29.3 Alpha 2 Adrenergic Agonists, Alpha 1 antagonists: Clonidine, Guanfacine, Prazosin, Yohimbine Flashcards
Clonidine mechanism?
Mechanism: Alpha-2 Adrenergic Receptor Agonist and reduces plasma norepinephrine, generally serving to reset the body’s sympathetic tone at a lower level and decrease arousal.
Clonidine Kinetics/dynamics?
Kinetics/Dynamics: Well-absorbed from GI tract, reach peak plasma levels 1-3 hours after oral administration, half life is 6-20 hours.
Clonidine Therapeutic Indications?
Main Therapeutic Indications:
- Withdrawal from opioids, Alcohol, Benzos, Nicotine
- Tourette’s Disorder and other Tic Disorders
- ADHD and aggression in children (although Guanfacine more common)
- PTSD
Other: Anxiety disorders, OCD, mania (may be synergistic with Lithium or Tegretol). A clonidine patch can reduce the hyper salivation and dysphagia caused by clozapine.
Clonidine Adverse Effects?
Common Adverse Effects: sedation and hypotension (from actions in the CNS that reduce sympathetic tone and cause vasodilation). Cardiac effects in children. Dry mouth/eyes, dizziness, nausea, constipation.
Uncommon: CNS effects such as insomnia, anxiety, depression, vivid dreams, and even hallucinations. Fluid retention is also possible. Some people experience sexual dysfunction.
Clonidine precautions?
Should not be taken by adults with BP below 90/60 or cardiac arrhythmia, especially bradycardia.
Avoid in pregnancy and nursing. Avoid in Elderly.
What happens in Clonidine overdose?
May present with coma and constricted pupils, similar to opioid overdose. Other symptoms include hypotension, bradycardia, and reduced respiratory rate.
Clonidine withdrawal?
Anxiety, restlessness, perspiration, tremor, abdominal pain, palpitations, headache, and a dramatic increase in blood pressure.
These symptoms may appear about 20 hours after the last dose of clonidine.
Clonidine drug interactions?
Because it causes sedation, especially early in therapy, interacts with other drugs that CNS depressants.
Dose reduction may be required in agents that interfere with AV node and sinus node, such as beta blockers or CCB’s.
Should not be given with Tricyclics.
Clonidine dosage, formulations and clinical guidelines?
Available in 0.1, 0.2 and 0.3 mg tablets. Also comes in weekly transdermal formulations at 0.1, 0.2 and 0.3 mg per day.
Usual starting dose is 0.1 mg BID, and can be raised by 0.1 mg per to to an appropriate level up to 1.2 mg per day.
Must always be tapered because withdrawal can occur about 20 hours after last dose.
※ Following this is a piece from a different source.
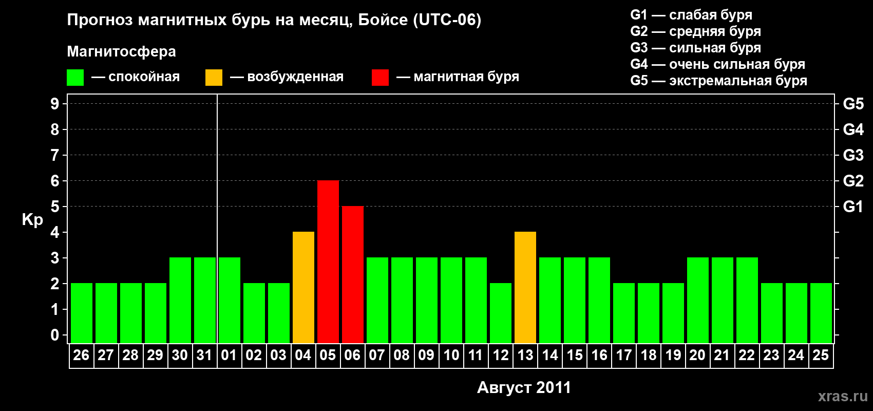 Прогноз магнитных бурь в Бойсе — 26 июля 2011 года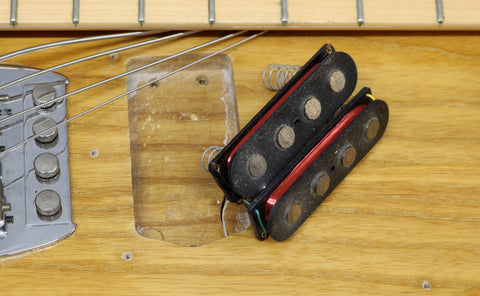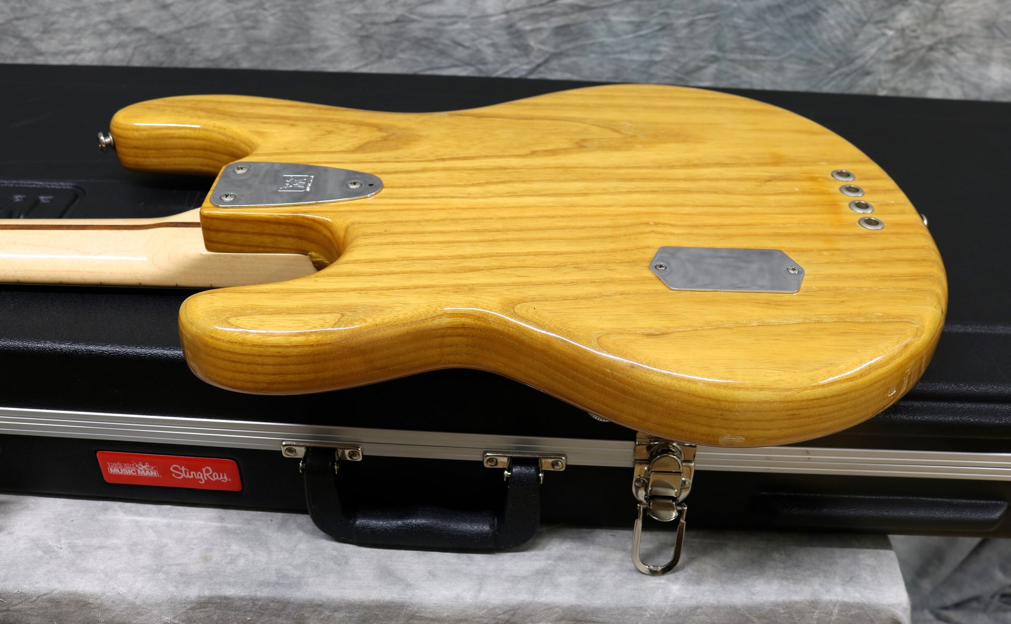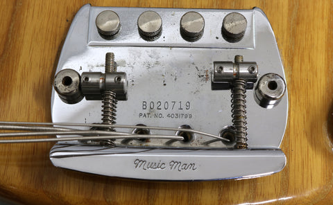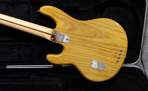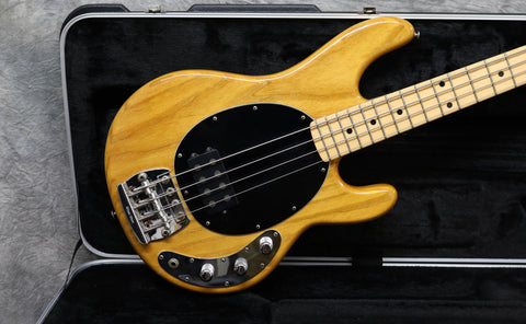 1980 Music Man Stingray in excellent condition. Natural finish, black pickguard, maple neck & fretboard. Equipped with a 2 band EQ, non-epoxy coated preamp and through-body stringing. The string mute mechanism is missing and the jack socket has been changed. Supplied in a modern Music Man hard case. The bridge saddles have been changed. Otherwise all original.

Transition from oral to transdermal formulations should be accomplished gradually by overlapping for 3-4 days.
Although Guanfacine are similar in many properties, name some differences?
- Less sedation and hypotension
- More selective and less potent
- Longer half life, less withdrawal side effects
Guanfacine dosage, formulation and clinical guidelines?
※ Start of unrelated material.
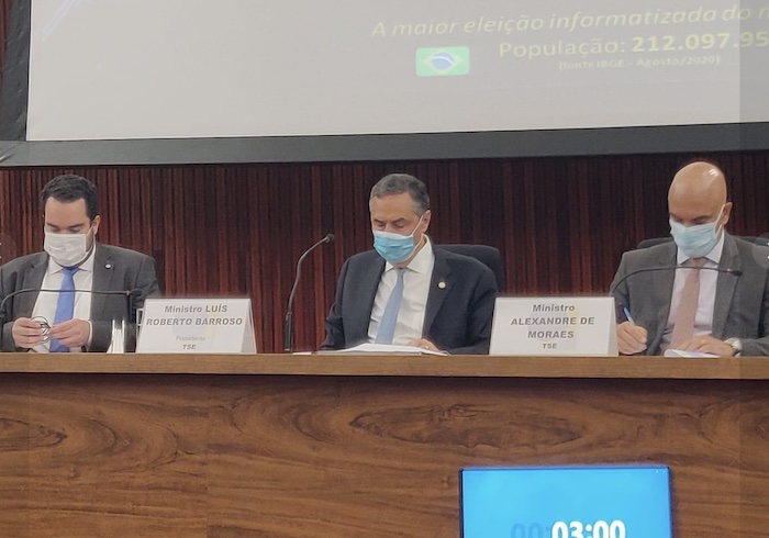 Compondo a mesa o Deputado Paulo Martins, Ministros Luis Roberto Barroso e Alexandre de Moraes.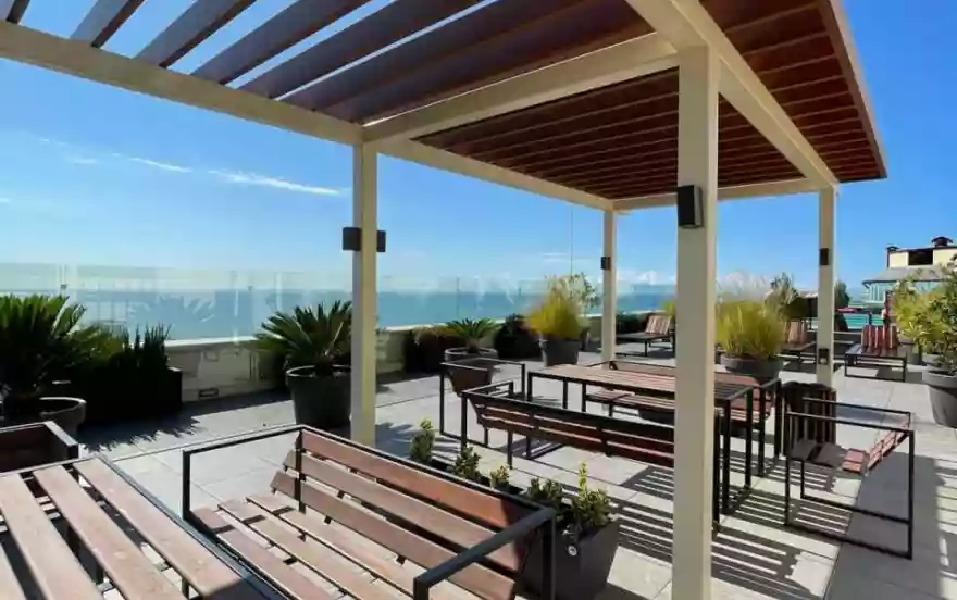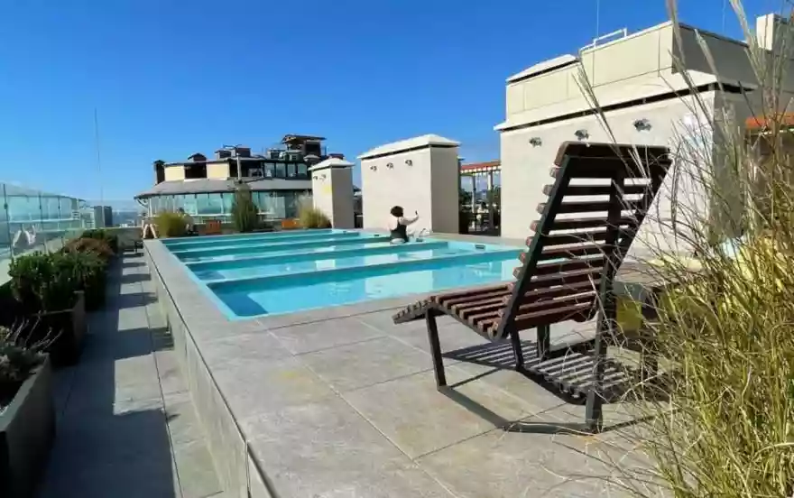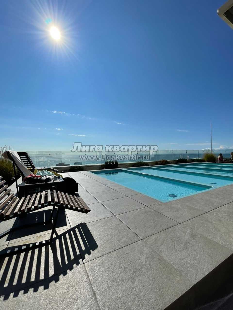 На крыше дома на 17 этаже располагается круглогодичный панорамный бассейн. Прямой вид на море, на ботанический парк "Дендрарий" и город Сочи. Режим работы с 9.00 до 21.00, каждый день. Вода пресная и подогревается до 23 градусов. Бесплатный доступ к нему всем проживающим в доме. Бассейн неглубокий, поэтому идеально подойдет также для деток. Около бассейна есть лежаки, всё в свободном доступе.

Available in 1 and 2 mg tablets. Also comes in ER release preparation (Intuniv).
Usual starting doses is 1 mg before sleep, can be increased to 2 mg before sleep after 3-4 weeks.
Mechanism of Prazosin?
Alpha 1 adrenergic antagonist which decreases TPR.
General hypotensive and nightmare suppression mechanism is unknown.
Name the general function of the various Alpha and Beta adrenergic receptors?
Alpha 1: Vasoconstriction, increase TPR, mucosal decongestion, pupil dilation, pilomotor contraction, hyperglycemia.
Alpha 2: reduces presynaptic neurotransmitter (epi/norepi) release, reduces sympathetic outflow.
Beta 1: Increase heart rate, force of contraction, velocity of conduction
Beta 2: pulmonary and cardio vasodilation, bronchiodilation, uterine relaxation, hyperglycemia, lactic acidemia.
Beta 3: Adipose thermogenesis, lipolysis.
DA Receptor: splanchnic area vasodilation.
Kinetics/dynamics of Prazosin?
Plasma peak concentrations at around 3 hours
Plasma half life 2-3 hours
Precautions and adverse reactions of Prazosin?
Most common: Dizziness, headache, drowsiness, lack of energy, weakness, palpitations, nausea.
Should not be used in pregnancy or nursing.
Caution when used in conjunction with other hypotensive, especially PDE-5 inhibitors.